Task prompt >>
The answer must be every line from the listing that holds the string "with".

Provided records >>
____________________

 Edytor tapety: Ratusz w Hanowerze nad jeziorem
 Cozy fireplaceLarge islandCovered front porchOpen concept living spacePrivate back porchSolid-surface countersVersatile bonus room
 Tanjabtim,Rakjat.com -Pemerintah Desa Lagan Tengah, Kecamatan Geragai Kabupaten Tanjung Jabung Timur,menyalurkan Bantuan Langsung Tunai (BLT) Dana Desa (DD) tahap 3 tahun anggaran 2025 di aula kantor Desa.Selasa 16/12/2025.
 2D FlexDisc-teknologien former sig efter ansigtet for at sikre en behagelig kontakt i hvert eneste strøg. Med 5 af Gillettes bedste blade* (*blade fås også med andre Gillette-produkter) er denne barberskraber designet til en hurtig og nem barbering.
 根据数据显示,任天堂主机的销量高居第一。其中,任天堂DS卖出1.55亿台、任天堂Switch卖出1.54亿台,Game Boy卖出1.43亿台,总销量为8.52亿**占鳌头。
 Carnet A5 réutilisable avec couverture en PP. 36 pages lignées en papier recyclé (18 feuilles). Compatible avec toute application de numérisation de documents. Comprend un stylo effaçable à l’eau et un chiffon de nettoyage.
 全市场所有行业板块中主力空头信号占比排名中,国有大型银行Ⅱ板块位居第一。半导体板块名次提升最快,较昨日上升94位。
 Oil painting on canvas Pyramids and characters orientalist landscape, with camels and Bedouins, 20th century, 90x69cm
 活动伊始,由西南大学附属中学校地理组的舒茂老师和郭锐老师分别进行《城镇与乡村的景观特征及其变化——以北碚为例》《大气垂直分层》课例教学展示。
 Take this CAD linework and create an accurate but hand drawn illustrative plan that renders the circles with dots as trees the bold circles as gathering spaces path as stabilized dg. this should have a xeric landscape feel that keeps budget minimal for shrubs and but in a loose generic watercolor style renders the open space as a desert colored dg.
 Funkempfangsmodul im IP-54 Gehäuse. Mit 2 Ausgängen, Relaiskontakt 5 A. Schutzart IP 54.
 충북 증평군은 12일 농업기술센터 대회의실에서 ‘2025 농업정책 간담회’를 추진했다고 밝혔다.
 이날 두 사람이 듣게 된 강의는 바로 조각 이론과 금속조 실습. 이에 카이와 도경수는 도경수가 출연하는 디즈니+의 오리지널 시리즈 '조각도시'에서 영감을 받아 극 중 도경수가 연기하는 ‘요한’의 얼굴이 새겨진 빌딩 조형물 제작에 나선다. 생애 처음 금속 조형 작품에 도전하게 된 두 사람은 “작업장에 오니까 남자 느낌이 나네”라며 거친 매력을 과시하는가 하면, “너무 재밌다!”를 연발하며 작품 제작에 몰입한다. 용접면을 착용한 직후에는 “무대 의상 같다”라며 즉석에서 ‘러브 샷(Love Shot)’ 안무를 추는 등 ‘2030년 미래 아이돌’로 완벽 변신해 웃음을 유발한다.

____________________

Written solution >>
 Oil painting on canvas Pyramids and characters orientalist landscape, with camels and Bedouins, 20th century, 90x69cm
 Take this CAD linework and create an accurate but hand drawn illustrative plan that renders the circles with dots as trees the bold circles as gathering spaces path as stabilized dg. this should have a xeric landscape feel that keeps budget minimal for shrubs and but in a loose generic watercolor style renders the open space as a desert colored dg.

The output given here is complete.